(Dataset records)
☆ ☆ ☆ ☆

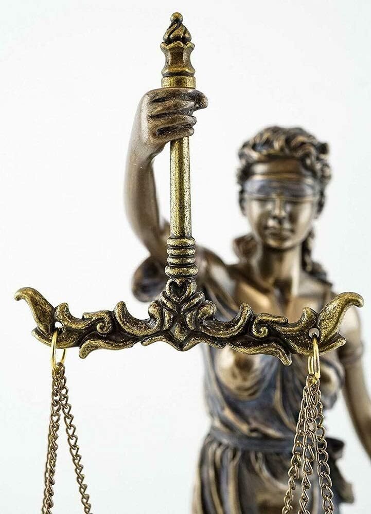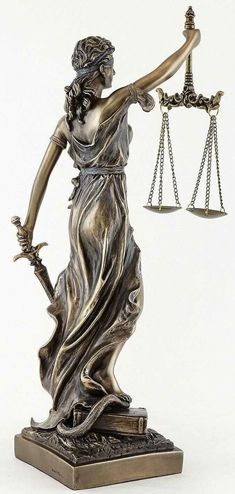 Roman goddess of Justice Carrying the scales of justice in one hand and a in the other and with her eyes blindfolded Symbolizes the fair and equal administration of the law without corruption, avarice, prejudice, or favor Measures approx. 13" tall. Cold Cast Bronze Justitia was the Roman goddess of Justice and is portrayed as carrying the scales of justice in one hand and a in the other and with her eyes blindfolded which symbolizes the fair and equal administration of the law without corruption, avarice, prejudice, or favor in the legal systems. This statue is beautifully designed, sculpted and handcrafted to the finest detail in Cold Cast Bronze. "Cold-Casting" is a term used to describe the process of mixing metal powder with a resin to create castings that give the appearance of solid metal, without the high cost of using actual metal. Measures approx. 13" tall.
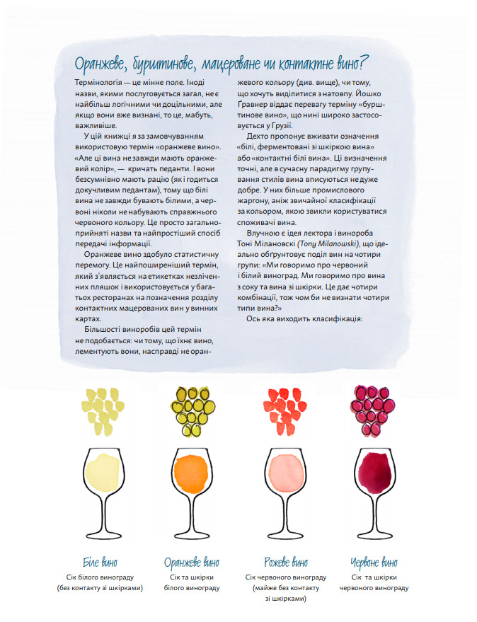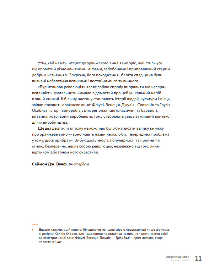 Термін «оранжеве вино» з’явився 2004 року. Нині цей стиль набуває дедалі більшого поширення, а найвідоміша книжка від експерта і популяризатора оранжевого вина Саймона Вулфа «Amber Revolution: Як світ закохався в оранжеве вино» нарешті доступна і для українського читача. У ній також уміщено інформацію про 180 виробників оранжевого вина із 20 країн усього світу. Крім того, це видання багато ілюстроване фотографіями з виноробень, запаморочливими пейзажами, а також портретами самих виноробів. Ця книжка стане в пригоді всім винолюбам, сомельє, рітейлерам чи виробникам оранжевого вина.
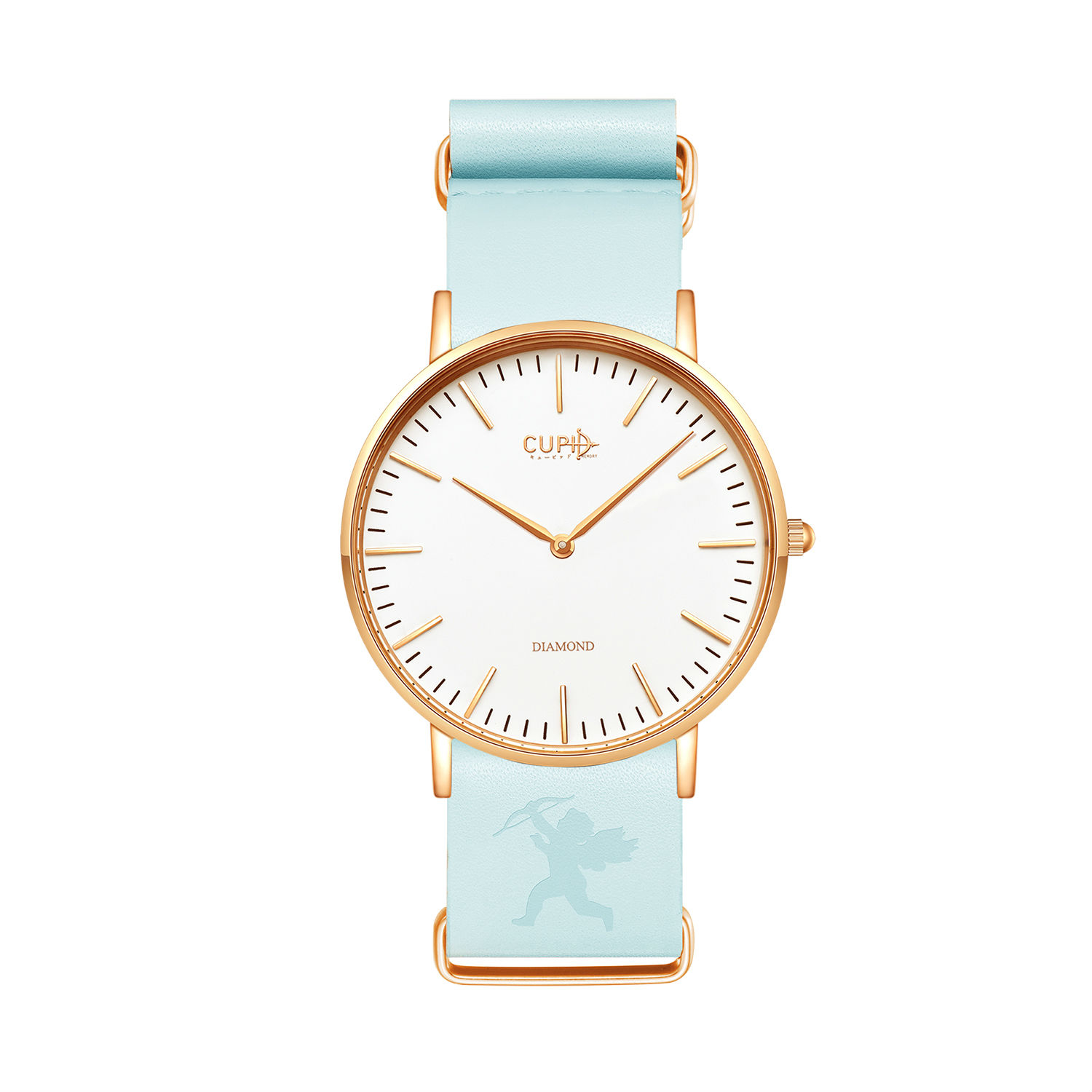 A tribute to minimal elegance, this leather watch is meticulously crafted with a stainless steel case and a light blue strap for everyday wear. The timeless round face of mineral crystal looking glass finish tells the time in professional Japan quartz movement to keep up with your schedules. The slim dash indices further grounds the overall design a clean and confident persona.
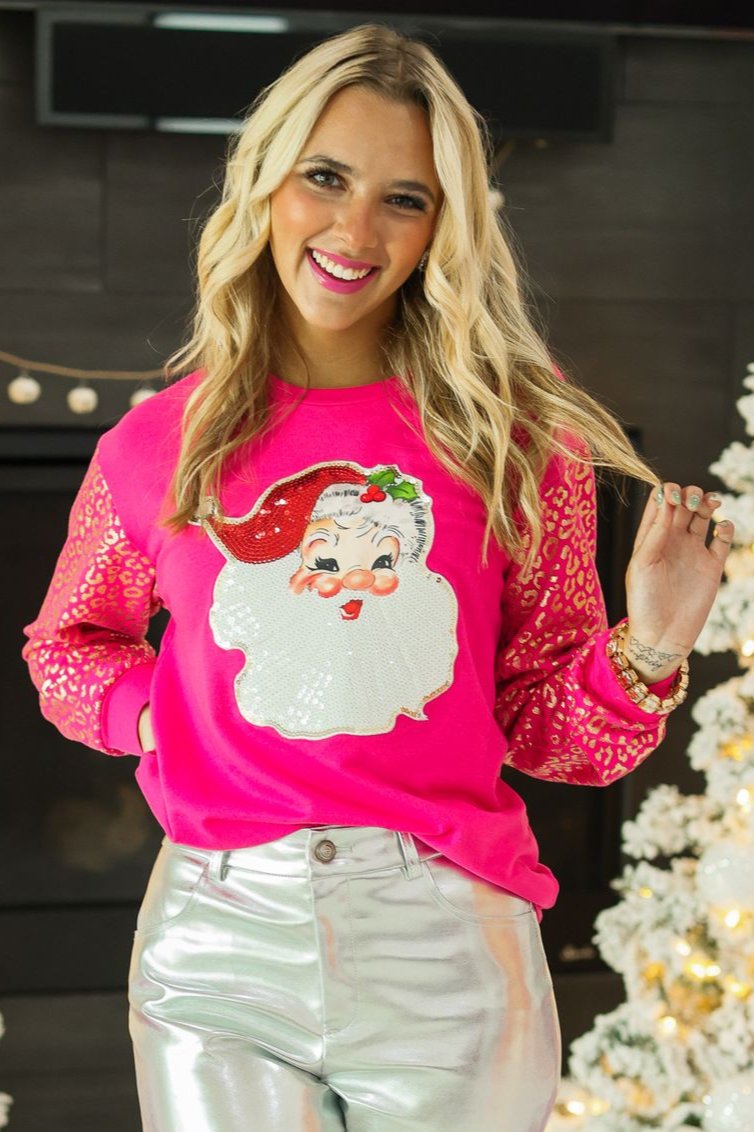 Santa on Pink Sweatshirt with Sequin Sleeves
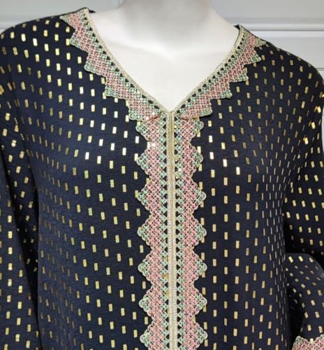 Muslim Abaya Dresses for Women V Neck Kaftan Islamic Prayer Robe Embroidered Bronzing Dress Holiday Evening Dress
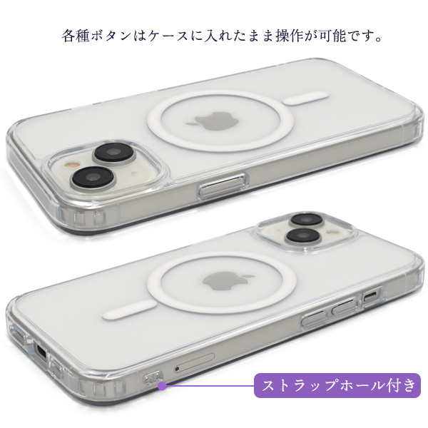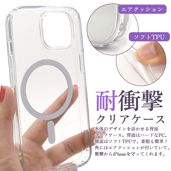 【スマホケース】iPhone 15用 MagSafe対応 耐衝撃クリアケース
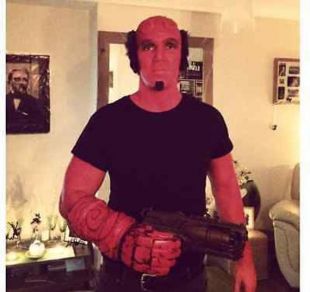 Más­cara de ca­beza de Hell­boy usada por Da­vid Har­bour como se ve en Hell­boy
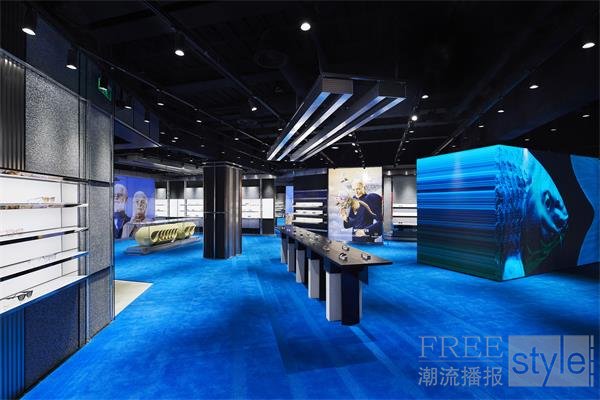 三层是展览空间,包含由GENTLE MONSTER所策划的空间陈列,以及品牌合作限时空间。 空间中心正在展出的艺术装置群以 “The Giant Who Arrived at the Bird Village (探访飞鸟部落的巨人)”为主题,中间摆放着Gentle Monster机器人实验室所创作的大型机器人——“THE GIANT(巨人)”,象征错位的时空和无垠的想象力。限时空间的展览内容会不定期更换,首个展览为GENTLE MONSTER制作的多媒体交互艺术——“Error in the Beat (节奏错位)”,墙⾯上的舞者会根据来访者的动态与速度给出回应,呈现不同的舞蹈动态,这也是GENTLE MONSTER在多媒体数字艺术上全新的尝试。同时,该层还拥有⾸个GENTLE MONSTER线下维修中心。
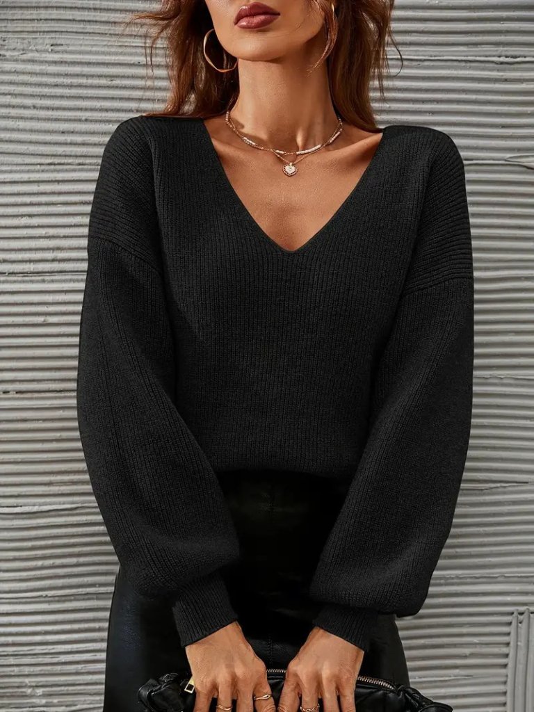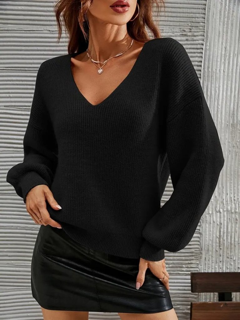 Kadın Uzun Kollu V Yakalı Triko Bluz

☆ ☆ ☆ ☆

● **Try it**: Every entry above has to be repeated exactly, apart from its pictures.

● **Response to the task**:
 Roman goddess of Justice Carrying the scales of justice in one hand and a in the other and with her eyes blindfolded Symbolizes the fair and equal administration of the law without corruption, avarice, prejudice, or favor Measures approx. 13" tall. Cold Cast Bronze Justitia was the Roman goddess of Justice and is portrayed as carrying the scales of justice in one hand and a in the other and with her eyes blindfolded which symbolizes the fair and equal administration of the law without corruption, avarice, prejudice, or favor in the legal systems. This statue is beautifully designed, sculpted and handcrafted to the finest detail in Cold Cast Bronze. "Cold-Casting" is a term used to describe the process of mixing metal powder with a resin to create castings that give the appearance of solid metal, without the high cost of using actual metal. Measures approx. 13" tall.
 Термін «оранжеве вино» з’явився 2004 року. Нині цей стиль набуває дедалі більшого поширення, а найвідоміша книжка від експерта і популяризатора оранжевого вина Саймона Вулфа «Amber Revolution: Як світ закохався в оранжеве вино» нарешті доступна і для українського читача. У ній також уміщено інформацію про 180 виробників оранжевого вина із 20 країн усього світу. Крім того, це видання багато ілюстроване фотографіями з виноробень, запаморочливими пейзажами, а також портретами самих виноробів. Ця книжка стане в пригоді всім винолюбам, сомельє, рітейлерам чи виробникам оранжевого вина.
 A tribute to minimal elegance, this leather watch is meticulously crafted with a stainless steel case and a light blue strap for everyday wear. The timeless round face of mineral crystal looking glass finish tells the time in professional Japan quartz movement to keep up with your schedules. The slim dash indices further grounds the overall design a clean and confident persona.
 Santa on Pink Sweatshirt with Sequin Sleeves
 Muslim Abaya Dresses for Women V Neck Kaftan Islamic Prayer Robe Embroidered Bronzing Dress Holiday Evening Dress
 【スマホケース】iPhone 15用 MagSafe対応 耐衝撃クリアケース
 Más­cara de ca­beza de Hell­boy usada por Da­vid Har­bour como se ve en Hell­boy
 三层是展览空间,包含由GENTLE MONSTER所策划的空间陈列,以及品牌合作限时空间。 空间中心正在展出的艺术装置群以 “The Giant Who Arrived at the Bird Village (探访飞鸟部落的巨人)”为主题,中间摆放着Gentle Monster机器人实验室所创作的大型机器人——“THE GIANT(巨人)”,象征错位的时空和无垠的想象力。限时空间的展览内容会不定期更换,首个展览为GENTLE MONSTER制作的多媒体交互艺术——“Error in the Beat (节奏错位)”,墙⾯上的舞者会根据来访者的动态与速度给出回应,呈现不同的舞蹈动态,这也是GENTLE MONSTER在多媒体数字艺术上全新的尝试。同时,该层还拥有⾸个GENTLE MONSTER线下维修中心。
 Kadın Uzun Kollu V Yakalı Triko Bluz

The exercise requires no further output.